The war (which was called “the war to end all wars”) ended with the signings of the armistice on November 11, 1918 and the Treaty of Versailles June 28, 1919. Several key points of the treaty were:
- Alsace-Lorraine was returned to France.
- Germany’s army was restricted to 100,000 soldiers.
- No military fortifications were allowed in The German Rhineland adjacent to France.
- Parts of Germany inhabited by Poles were given to Poland.
- Germany was to pay the Allies $ 33 billion to reimburse them for the cost of the war (reparations), at the rate of $ 63 million per year.
619,636 Canadians served in WW 1 – 59,544 died and 172,950 were wounded.
5,326 soldiers served in the 21st Battalion – 1,276 were killed in action.
Adolph Hitler served as a messenger during the First World War and was wounded in the leg. After recovering, he was promoted to the rank of Corporal and returned to action. He finished the war in hospital recovering from a gas attack near Ypres in 1918.
Beaverbrook attempts to put the efforts of Canadian soldiers into perspective by quoting a French General:
“My countrymen are fighting within fifty miles of Paris to push back and chastise the vile and leprous race which has violated the chastity of our beautiful France.

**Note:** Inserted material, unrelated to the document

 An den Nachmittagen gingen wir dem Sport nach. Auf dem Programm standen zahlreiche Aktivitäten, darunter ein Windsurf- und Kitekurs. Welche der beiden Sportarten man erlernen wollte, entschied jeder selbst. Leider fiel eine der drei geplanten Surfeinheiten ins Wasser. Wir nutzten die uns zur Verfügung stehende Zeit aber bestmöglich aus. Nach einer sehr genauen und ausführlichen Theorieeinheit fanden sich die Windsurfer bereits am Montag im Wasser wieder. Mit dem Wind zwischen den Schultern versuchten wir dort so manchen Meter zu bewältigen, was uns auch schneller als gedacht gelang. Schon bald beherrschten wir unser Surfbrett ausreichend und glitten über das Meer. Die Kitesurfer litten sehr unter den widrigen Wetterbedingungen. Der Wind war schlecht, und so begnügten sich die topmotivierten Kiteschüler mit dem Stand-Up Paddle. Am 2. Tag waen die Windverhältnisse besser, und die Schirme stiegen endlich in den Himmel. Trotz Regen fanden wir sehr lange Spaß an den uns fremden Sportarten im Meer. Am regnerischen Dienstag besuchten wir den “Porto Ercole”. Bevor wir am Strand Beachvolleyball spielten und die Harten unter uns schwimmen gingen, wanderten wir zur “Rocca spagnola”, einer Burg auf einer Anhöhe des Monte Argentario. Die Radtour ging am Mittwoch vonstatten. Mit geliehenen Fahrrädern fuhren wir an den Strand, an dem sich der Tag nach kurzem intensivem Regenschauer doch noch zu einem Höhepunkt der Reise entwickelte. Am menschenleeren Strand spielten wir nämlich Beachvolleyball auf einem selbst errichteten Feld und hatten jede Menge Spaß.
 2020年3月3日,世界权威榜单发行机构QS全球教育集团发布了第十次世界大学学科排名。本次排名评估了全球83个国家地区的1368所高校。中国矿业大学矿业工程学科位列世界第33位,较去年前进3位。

But the Australians at the Dardenelles and the Canadians at Ypres fought with supreme and absolute devotion for what, to many of them, must have seemed simple abstractions, and that nation that will support for an abstraction the horror of this war of all wars, will ever hold the highest place in the records of human valour.”
Beaverbrook goes on to say:
“The rank and file volunteered in hundreds of thousands, and then in more hundreds of thousands, because they saw that the Empire was in peril. From thousands of miles the flower of the youth of the Empire have come and trained, and fought and died, or have drifted back broken after the war to the Dominions whence they set out.”

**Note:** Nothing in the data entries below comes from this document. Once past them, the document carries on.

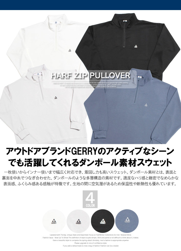 商品説明 | アウトドアブランドGERRYのアクティブなシーンでも活躍してくれるダンボール素材を使用したロゴプリントハーフジップスウェットトレーナーの登場です。 |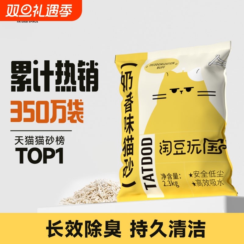 淘豆玩国混合豆腐猫砂除臭近无尘膨润矿土猫沙可冲厕所奶香不粘底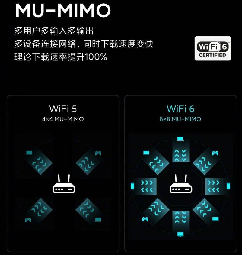 所谓WiFi 6(原称IEEE 802.11.ax),指的是第六代无线网络技术标准。2018年10月,WiFi联盟正式确定了WiFi6标准;2019年9月16日,Wi-Fi联盟宣布启动Wi-Fi 6认证计划,该计划旨在使采用下一代802.11ax Wi-Fi无线通信技术的设备达到既定标准。与WiFi 5相比,WiFi 6拥有速度更快、延时更低、容量更大、安全更高、功耗更低等优势。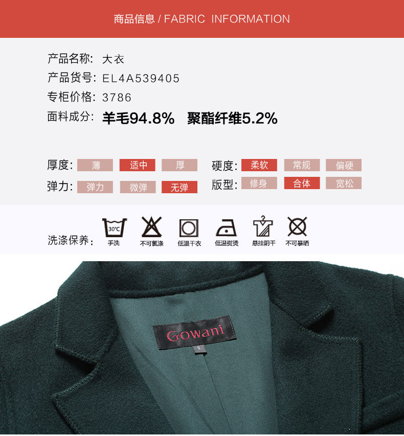 【100%绵羊毛】乔万尼冬季高级感100绵羊毛商务休闲设计感保暖抗寒大衣ES4A348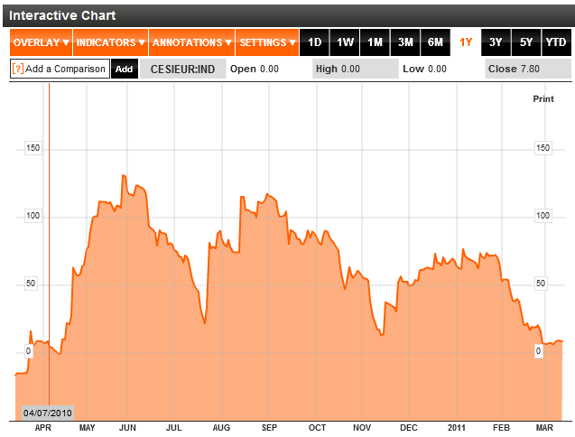 He encontrado un índice que es una maravilla: El economic surprise index. Lo he conocido hoy a través de Alphaville y al verlo me he alegrado mucho porque quería algo así hace tiempo. Lo que mide el índice son las sorpresas al alza o a la baja de los datos económicos, según regiones. Ahora mismo tendríamos el americano muy alto, indicando que los últimos datos han sido con sorpresas positivas (best than expected). Este, a continuación es sobre Europa. Ultimamente no ha habido sorpresas positivas sino negativas. Fíjense que los últimos mínimos en el pasado año han coincidido con suelos de mercado. Por supuesto este índice puede caer más y lo acabo de conocer. Pero estaré muy atento a él pues creo puede ser una herramienta extraordinaria. ¿La siguiente ola de sorpresas serán negativas o positivas? Yo no lo sé, pero gracias a este gráfico vamos a ir comprobándolo. He puesto el enlace (Europa y América en la zona de mis enlaces).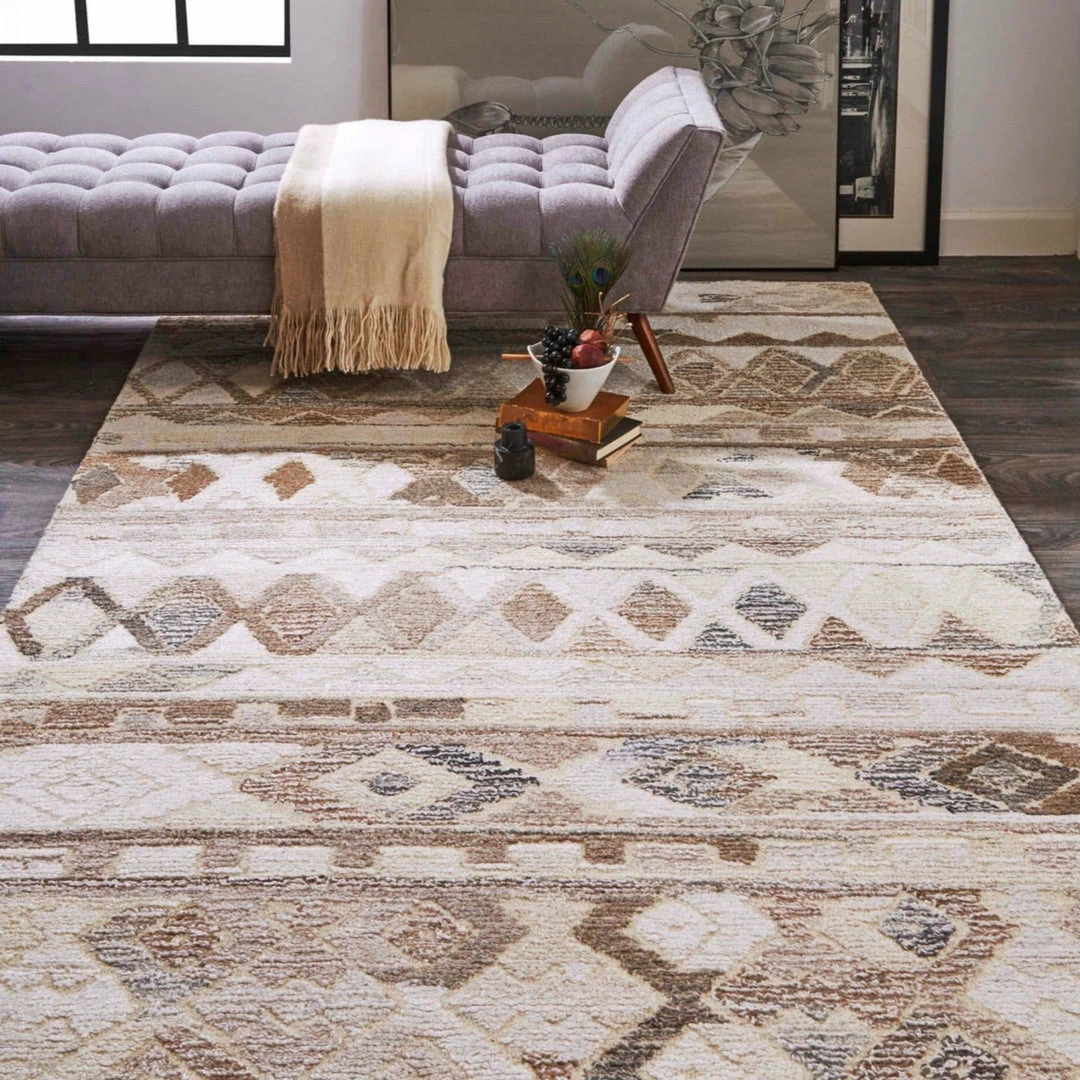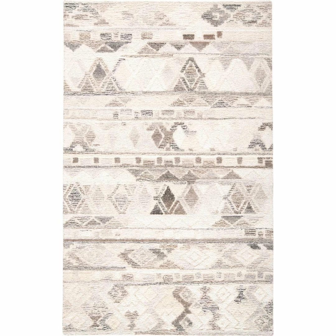 A wool and viscose pile is meticulously hand-tufted in sophisticated grays and warm taupes accented by inky blacks and a subtle sheen. The transitional geometric motifs are grounded by the neutral color palette making this collection approachable and easy to decorate with.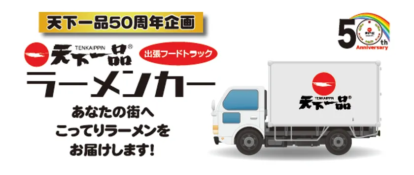 京都北白川発祥、鶏がらや野菜などを用いたこってりスープが人気の中華そば専門チェーン店「天下一品」(本社:滋賀県大津市、グループ累計234店舗を展開中※)は、天下一品50周年企画として、出張フードトラックを利用して1日1組限定で天下一品と一緒に出店を希望される方を2020年11月28日(土)~2021年6月30日(水)まで募集いたします。
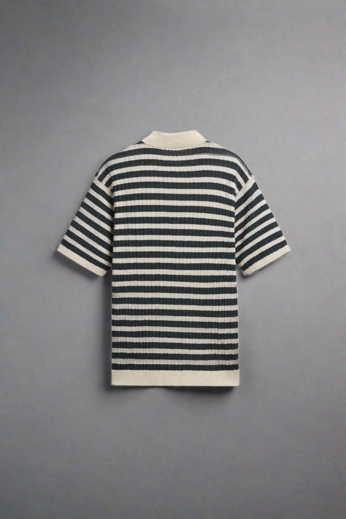 Men's Striped Ribbed Knit Polo Shirt with Short Sleeves – Cream & Navy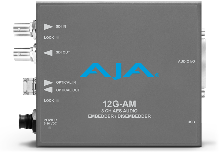 AJA 12G-AM — восьмиканальный эмбеддер/деэмбеддер аналогового звука с I/O 12G-SDI с поддержкой форматов до 4K / UltraHD. В моделях с оптоволокнным интерфейсом имеется возможность ввода / вывода одного канала по Fiber LC и ST. С помощью этого мини-конвертера вы сможете извлекать восьмиканальный аналоговый звук из входного 12G-SDI-сигнала, а также наоборот — интегрировать во входной SDI-сигнал аналоговый звук из внешнего источника.
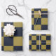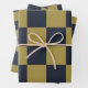 Elegant Gold & Navy Blue Chequered Pattern Wrapping Paper Sheet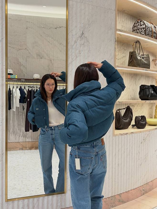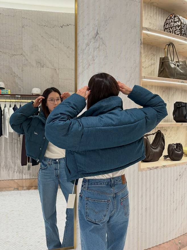 차분한 헤어 컬러와 지적인 안경, 그리고 캐주얼한 패딩의 조화는 꾸민 듯 안 꾸민 듯한 고감도의 일상 스타일을 보여주는 훌륭한 예시라고 할 수 있습니다.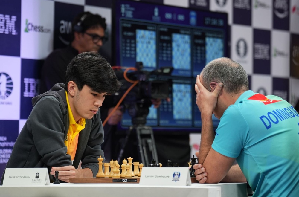 The prodigy board opened with a calm draw between Daniel Dardha and Raunak Sadhwani. The real breakthrough came when Javokhir Sindarov defeated Leinier Dominguez after a costly middlegame mistake.

Brigadier-General William St. Pierre Hughes:
“It was outstanding fighting ability that enabled my 21st Battalion to come home with the record of never having been given a black eye in over four years of active participation in the war. They never went after anything they did not take and they never gave up anything they captured. Of the original 1,058, less than 150 are now alive in 1935, most of them buried in Flanders’ Fields and in the Somme.”
Although Bill and Keith went together and served together, they didn’t come back together – but they both came back.